There was an effect of both breed type and production system on the proportion of n-3 fatty acids, in which meat from C steers had a higher proportion than D steers and meat from L steers had a higher proportion than H steers. A significant effect of production system on total unsaturated fatty acids (MUFAs + PUFAs) was observed, where meat from L steers showed a higher proportion compared to H steers, due to the effect of the production system on the higher proportions of several individual fatty acids such as C18:1 t11, C18:2 n6, C18:3 n3, C18:2 c9 t11, C20:4 n6 (arachidonic acid, AA), and C20:5 n3 (eicosapentaenoic acid, EPA). An interaction between breed type and production system was found for C16:0 (p = 0.026), where the DL group showed a higher proportion than CL (27.2 vs. 25.5) while DH and CH showed the same (28.3 vs. 28.2). No effect of breed type was observed on the content of α-tocopherol and lutein, but the low feeding intensity resulted in higher α-tocopherol concentrations (Table 5).

4. Discussion

The primary aim of this study was to boost knowledge about the combination of conservation grazing on botanically diverse semi-natural pastures with the production of high-quality meat. The pasture consisted of approximately 20% dry, 60% mesic, and 20% wet areas and was mainly open but included small areas of mixed deciduous trees. The dominant plant species was Deschampsia cespitosa (tufted hairgrass), but Festuca rubra (red fescue) was also prominently present. In dry areas, F. ovina (sheep’s fescue), D. flexuosa (wavy hairgrass), Nardus stricta (matgrass), and several herb species were abundant. With the exception of D. cespitosa and F. rubra, herbs were prevalent in mesic areas, while D. cespitosa and Cyperaceae (sedges/rushes) were dominant in wet areas. The present research demonstrates differences in meat quality regarding the technological traits, sensory properties, and fatty acid profile between breed types (D and C) and production systems (H and L), which could be influenced by variations in slaughter age, carcass weight, and/or management practices.

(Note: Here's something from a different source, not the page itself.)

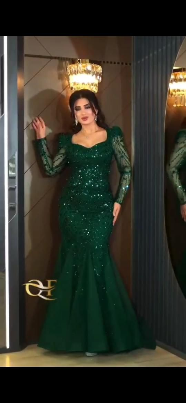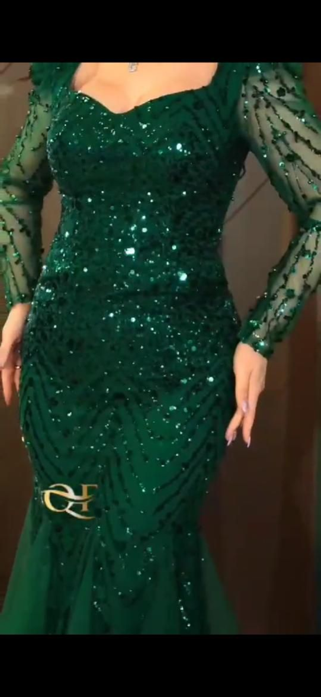 Robe de Soirée Vert Foncé Manches longues avec Paillettes / Réf : RMSR06

There was an effect of breed on pH24, where C steers had comparatively higher values than D steers. Similarly, the production system affected pH24, whereby steers kept on high-intensity diets (H) had comparatively higher values than steers kept on low-intensity diets (L). However, it is important to note that all the pH values observed were within a low range, suggesting that glycogen depletion prior to slaughter was not a significant issue in this study. The amount of muscle glycogen decreased due to pre-slaughter stress [38] and the utilisation of energy in physical activity or emotional strain, increasing the ultimate pH of muscles [39]. Although there were statistically significant differences in pH24, the magnitude of these differences was small; therefore, it is unlikely that they would have a noticeable impact on eating quality. A very low pH could potentially affect water-holding capacity and cooking loss, but in this study, there were no significant differences in cooking loss between different production systems. Thus, based on the observed pH values, we do not anticipate any meaningful differences in eating quality.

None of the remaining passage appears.